Mari kita lihat foto yang aku ambil satu menit sebelum kereta berangkat.
Ada lelaki tua separuh baya sedang berusaha sekuat tenaga mendorong trolly berisi koper-koper salah satu penumpang. Pekerjaannya sebagai kuli tersebut ternyata ia lakoni untuk menghidupi lima anaknya yang masih kecil-kecil seorang diri. Istrinya telah lama meninggal setelah melahirkan anaknya yang kelima karena pendarahan berat (hemoragik). Tidak, aku hanya berasumsi sambil membayangkan saja sebelumnya. Yang sebenarnya terjadi adalah beliau sebagai tulang punggung keluarga bekerja sebagai kuli untuk menghidupi istrinya yang bekerja sebagai pedagang gorengan di depan stasiun dan tujuh anaknya yang semuanya masih bersekolah. Dalam kehidupannya yang tampak sulit, ia selalu bersyukur karena masih diberi kesehatan dan kekuatan mencari sesuap nasi untuk menghidupi keluarganya. Aku tidak akan tahu kehidupannya yang sebenarnya seperti apa jika kami tidak saling menjalin cerita ketika mata kami saling bertatap saat beliau sedang mengangkat koper-koper ke tempat penyimpanan barang diatas kursi penumpang. .

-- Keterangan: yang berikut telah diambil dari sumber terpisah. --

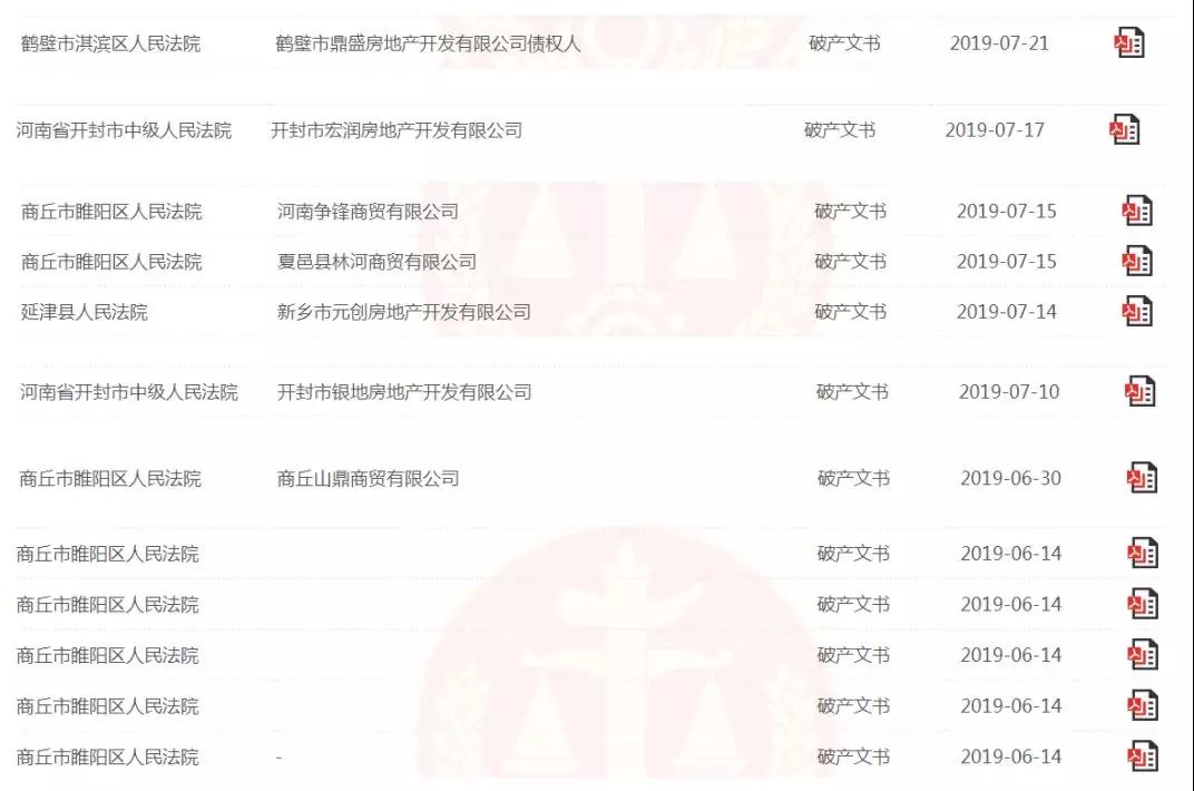 大河报·大河财立方记者查询得知,截至7月26日,商丘市有8家房地产企业被宣告破产清算,开封市则有4家房地产企业被宣告破产清算。

Untuk lelaki bertopi sebelah bapak kuli tersebut. Siapa yang akan menduga jika lelaki tersebut melakukan perjalanan untuk menengok istrinya yang baru saja mengabarkan bahwa ia melahirkan anak pertamanya. Aku tak akan tau cerita tersebut jika kami tidak duduk berjejeran dan saling bercakap-cakap satu sama lain.
Siapa yang tau apa yang benar-benar terjadi dalam kehidupan seseorang?
Hanya ia yang dipercaya untuk dijadikan tempat berbagi dan tulus untuk mendengarkan.
Begitupun tulisan ini. Apa ujung dari tulisan ini? Tak usah kau khawatir akan ujung dari tulisan ini seperti apa. Yang harus kau tau adalah hidup harus terus berjalan. Meskipun ada rasa yang telah mati dan kenangan yang menyiksa. Namun, yakinlah akan tumbuh rasa-rasa lain yang menghidupkan hati. Akan ada kenangan-kenangan baru yang hadir untuk membahagiakanmu.
Allah SWT berfirman:
اِنَّ مَعَ الْعُسْرِ يُسْرًا
Inna ma’al-’usri yusroo"Sesungguhnya bersama kesulitan ada kemudahan."
(QS. Al-Insyirah 94: Ayat 6)Ingatlah, kita tidak akan bisa menyenangkan hati semua orang, karena standar bahagia setiap orang akan berbeda. Yang pasti bisa kita lakukan adalah berusaha untuk menjadikan diri bermanfaat bagi orang lain, termasuk menjadi tempat berbagi dan selalu ikhlas untuk mendengarkan orang lain.